Elasticsearch use filter fo filter out unwanted keywords-CodePudding

Now I am having some data in the following form:

df = pd.DataFrame([['foo','some text',1, 13],['foo','Another text',2, 4],['foo','Third text',3, 10],['bar','Text1',2, 25], ['bar','Long text',1, 17],['num','short text',3, 0],['num','fifth text',3, 8]], index = range(1,8), columns = ['category','text','label', 'count'])

I've put the documents into an es index and try to searh with the condition of getting "count" that is greater than 0 and less than 10, and "category" that is not "foo".

I tried to use the "none" clause in "filter" clause of a boolean query, but it gives the error of "no query registered for [none]".

text: "text"
data = json.dumps({
    "query":{
        "bool":{
            "should":[
                {
                    "match":{
                        "text":text
                    }
                }
            ],
            "filter": [
                {
                    "range": {
                        "count": {
                            "from": 0,
                            "to": 10
                    }
                    }
                },
                {
                    "none": {
                        "term": {
                            "category.keyword": "foo"
                        }
                    }
                }
            ]
            
        }
    }
})

So I am now using the "must_not" clause as below:

text: "text"
data = json.dumps({
    "query":{
        "bool":{
            "should":[
                {
                    "match":{
                        "text":text
                    }
                }
            ],
            "filter": [
                {
                    "range": {
                        "count": {
                            "from": 0,
                            "to": 10
                    }
                }
                }
            ]
            ,
            "must_not":[
                {
                    "term": {
                        "category.keyword": "foo"
                    }
                }
            ]
        }
    }
})

Is there a way to use "none" in the "filter" clause and to make the query work more efficiently? Thank you!

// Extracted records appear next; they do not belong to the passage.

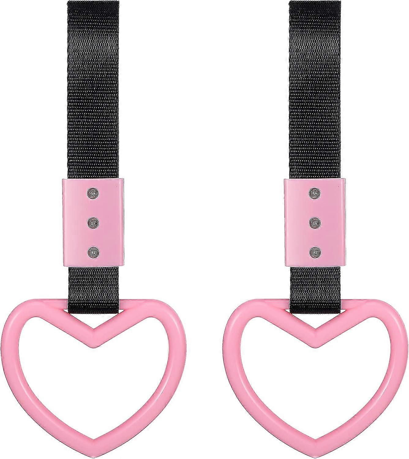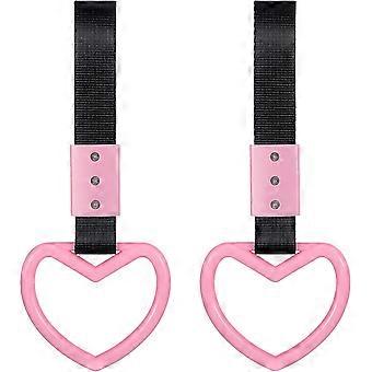 2 Pieces Rings Heart shaped Car Handle Straps Drift Charm(Light Pink)
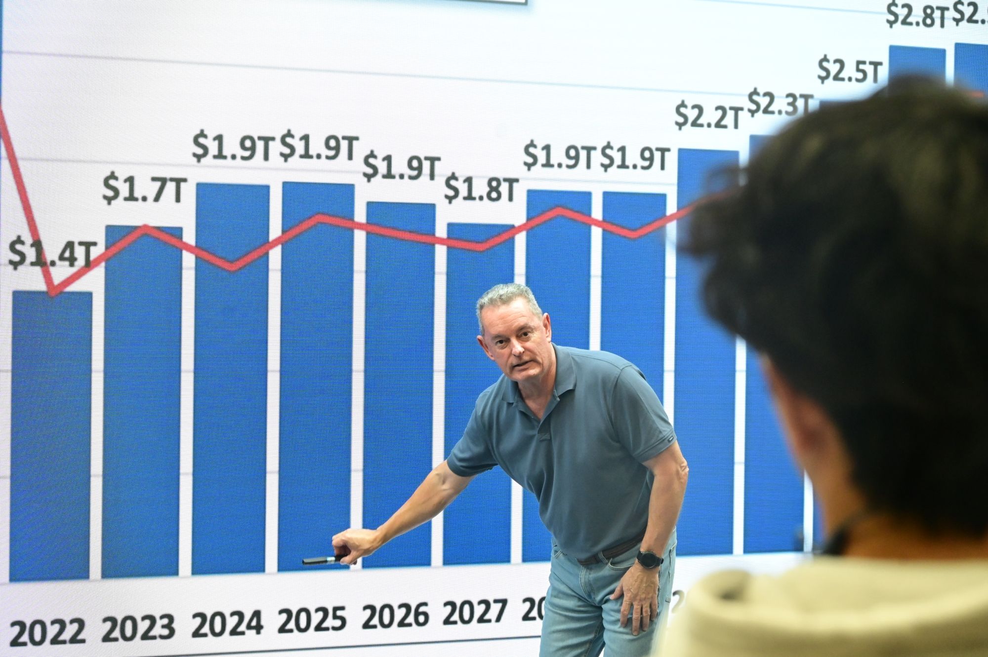 Paul Crompton教授以经济衰退和货币印刷与政策为核心,借助GDP曲线波动描绘出商业周期特性,详细讲述了经济下滑的负面影响及政府应对手段,进而阐述关于政府债务与债券发行的关系。循序渐进的讲解使同学们更好地理解经济学在现实世界中的应用,也启发了大家作为未来经济从业者们所需承担的社会责任。
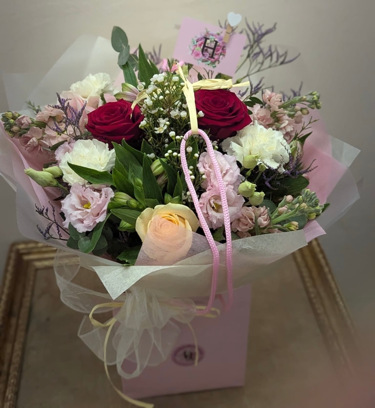 A gorgeous, aqua packed hand tied bouquet, including ivory and red roses.

CodePudding user response：

As mentioned in the documentation, scoring is ignored for the must_not clause, so there will be no impact on the performance of the query (used above), even if must_not clause is included outside the filter clause.

The clause (query) must not appear in the matching documents. Clauses are executed in filter context meaning that scoring is ignored and clauses are considered for caching. Because scoring is ignored, a score of 0 for all documents is returned.

And apart from this, there is no none query, instead, there is only Match None query, which matches no documents.